◆ What to work on: Without the pictures, write the listing below out again, line for line.

◆ Input data:
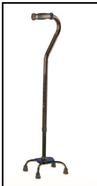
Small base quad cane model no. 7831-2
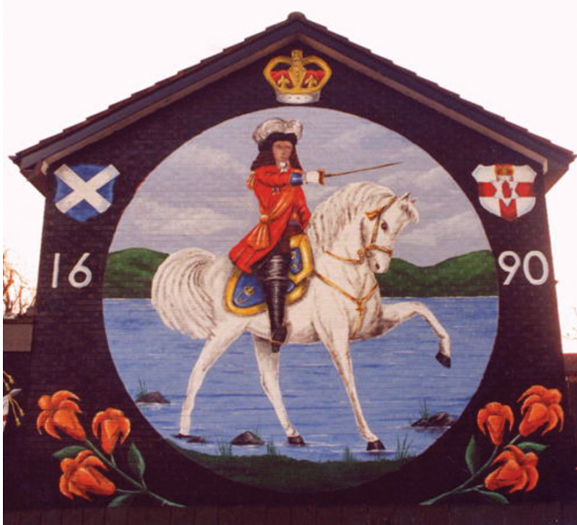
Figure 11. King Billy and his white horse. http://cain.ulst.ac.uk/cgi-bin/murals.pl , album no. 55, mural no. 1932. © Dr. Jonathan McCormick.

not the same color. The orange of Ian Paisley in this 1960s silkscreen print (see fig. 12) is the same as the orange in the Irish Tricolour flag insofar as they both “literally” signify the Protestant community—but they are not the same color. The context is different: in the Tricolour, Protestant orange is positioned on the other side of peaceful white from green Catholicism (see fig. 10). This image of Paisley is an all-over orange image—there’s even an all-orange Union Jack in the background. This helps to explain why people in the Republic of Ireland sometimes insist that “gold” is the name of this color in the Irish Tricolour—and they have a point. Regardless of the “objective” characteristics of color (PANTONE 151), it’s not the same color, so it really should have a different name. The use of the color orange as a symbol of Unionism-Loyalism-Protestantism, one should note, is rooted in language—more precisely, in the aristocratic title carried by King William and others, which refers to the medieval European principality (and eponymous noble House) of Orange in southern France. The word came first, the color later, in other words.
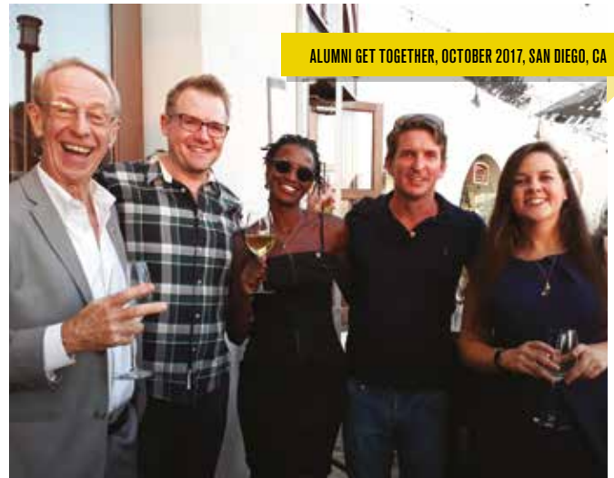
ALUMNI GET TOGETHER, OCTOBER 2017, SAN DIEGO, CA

◆ Written response:
Small base quad cane model no. 7831-2
Figure 11. King Billy and his white horse. http://cain.ulst.ac.uk/cgi-bin/murals.pl , album no. 55, mural no. 1932. © Dr. Jonathan McCormick.

not the same color. The orange of Ian Paisley in this 1960s silkscreen print (see fig. 12) is the same as the orange in the Irish Tricolour flag insofar as they both “literally” signify the Protestant community—but they are not the same color. The context is different: in the Tricolour, Protestant orange is positioned on the other side of peaceful white from green Catholicism (see fig. 10). This image of Paisley is an all-over orange image—there’s even an all-orange Union Jack in the background. This helps to explain why people in the Republic of Ireland sometimes insist that “gold” is the name of this color in the Irish Tricolour—and they have a point. Regardless of the “objective” characteristics of color (PANTONE 151), it’s not the same color, so it really should have a different name. The use of the color orange as a symbol of Unionism-Loyalism-Protestantism, one should note, is rooted in language—more precisely, in the aristocratic title carried by King William and others, which refers to the medieval European principality (and eponymous noble House) of Orange in southern France. The word came first, the color later, in other words.
ALUMNI GET TOGETHER, OCTOBER 2017, SAN DIEGO, CA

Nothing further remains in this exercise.